I was there to meet writers. Even after years at this, learning by doing and studying outstanding work by others, there is still the persistent myth that they just know something that if you knew it it would make it easy to write award-winning stories the moment you got home. The urge to ask them unanswerable questions must be purged. Seriously, purge the urge. Also the idea that they are there to provide you with something. They give plenty in the panels. So my goal was to be friendly. Friends are people you get along with because you have things in common with them. You are mutually interesting to each other. You all know this.

So I confidently approached the tables at the bar where the writers were gathered. I waited until I wasn’t interrupting anyone then I introduced myself and my buddy Mike, sharing a few details. If there was a conversation going on I tried not to derail it, or interrupt. The people I met at one end of the table, the Rambos (I had met Wayne in the ConSuite), Merrie Haskell, Dave Klecha, Jim C Hines were very easy to talk to. When I made my way to the other end where Toby Buckell, John Scalzi, Doselle Young were they were already into a very great conversation. I introduced myself, but I could tell that I really couldn’t add much without trying to take over the conversation, or ask that they stop and catch me up, so I smiled, picked up my chair and skedaddled. I knew the con was going all weekend and I would have another chance to meet them. I didn’t want to try to have my fun at their fun’s expense. And it was cool. Later I got Sly Mongoose signed by Toby Buckell and I got to meet his wife Emily and congratulate them on their upcoming twins.

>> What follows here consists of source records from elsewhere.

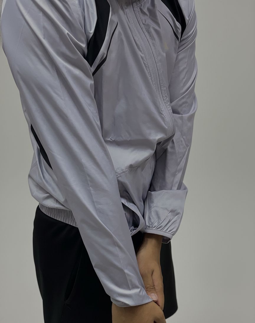 Luce un look impecable mientras te proteges del clima! Esta chamarra ligera de la marca Adidas destaca por su diseño minimalista en color gris claro con detalles en contraste, ofreciendo un ajuste cómodo y una estética contemporánea.
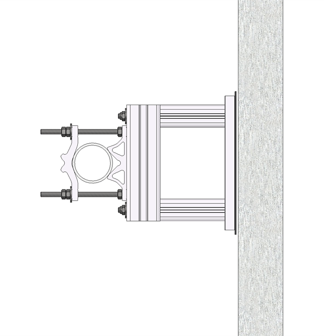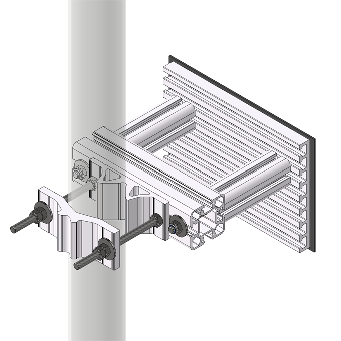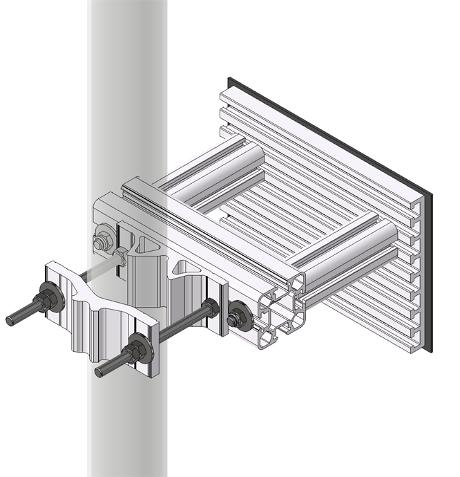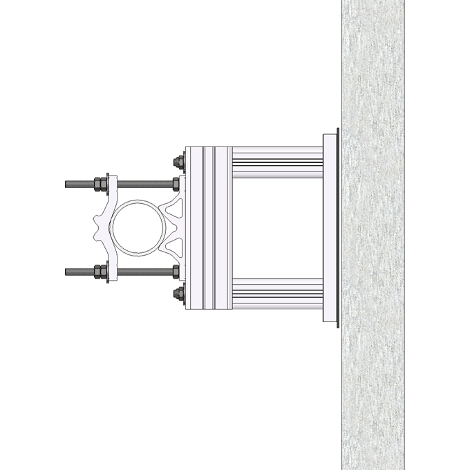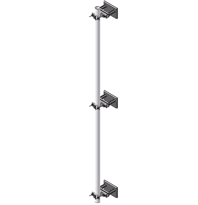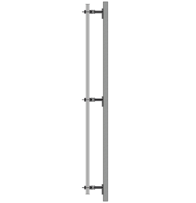 Wall mounting solution with triple support that stands out from the wall, enabling installation of radio units behind the panels.
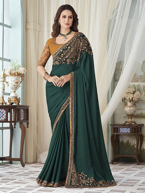 This image shows a beautiful Indian saree made from premium silk in a rich dark green color. The saree features elaborate embroidery work with gold and intricate designs along the border and pallu, enhancing its elegance. The blouse is crafted from premium silk in a contrasting mustard or gold shade. It has intricate embroidery on the sleeves and neckline, complementing the overall design of the saree. This ensemble would typically be available in standard saree lengths, around 5.5 to 6 meters, with additional fabric for the blouse that can be tailored to fit various sizes.

Here’s the thing, you may have an author hero that you want to approach. They may be glad to see you and to sit at the bar and talk writing or SF or video games or whatever with you and that is awesome. But they may be worn out, grumpy, or feeling antisocial and that has to be alright with you. If you walk up to an author and she looks at you like someone burned her birthday waffles and you look like the type to do it, it is okay to introduce yourself, tell her what you appreciate about her work and move along.

I met Wayne Rambo first in the ConSuite and we had a great time. At one point I asked him if he liked to write SF and he said, not really. He is a funloving and outgoing guy, but I am picturing if my spouse came to one of these with me. Okay, let’s say I am a famous writer, Guest of Honor, and my spouse comes with me (a guy can dream). She is really cool, but a bit shy around new people. Would you as a writer coming to this con for the first time talk to her, get to know her and me? Or would you ignore her and drool over my coolness (I said a guy can dream!)? Now let’s say there really is a Secret that you can learn by me telling you instead of by you writing your tail off and paying attention to what you are doing. If you make this con fun for both me and my spouse I am more likely to tell you where the secret idea well is where you can lower your bucket and come up with your own successful story ideas. And if my wife has a good time, she won’t roll her eyes at me next year when I beg her to come back.

I asked a lot of questions, but they were open questions that encouraged people to share. I told stories about things that had happened to me or Mike or people I knew. I only mentioned my own writing when it came up in the conversation. Now I didn’t have any stories I was trying to sell, so maybe that made me more confident than I would have been if I had been trying to sell something. Nothing makes a first meeting more awkward than wanting something from somebody before you know them. Tell jokes..good ones.

Okay this post has gone long enough. ConFusion was a while ago. If you have any con stories, examples of behavior that paid off for you, or humiliating faux pas (or is it faux pases?) feel free to share in the comments.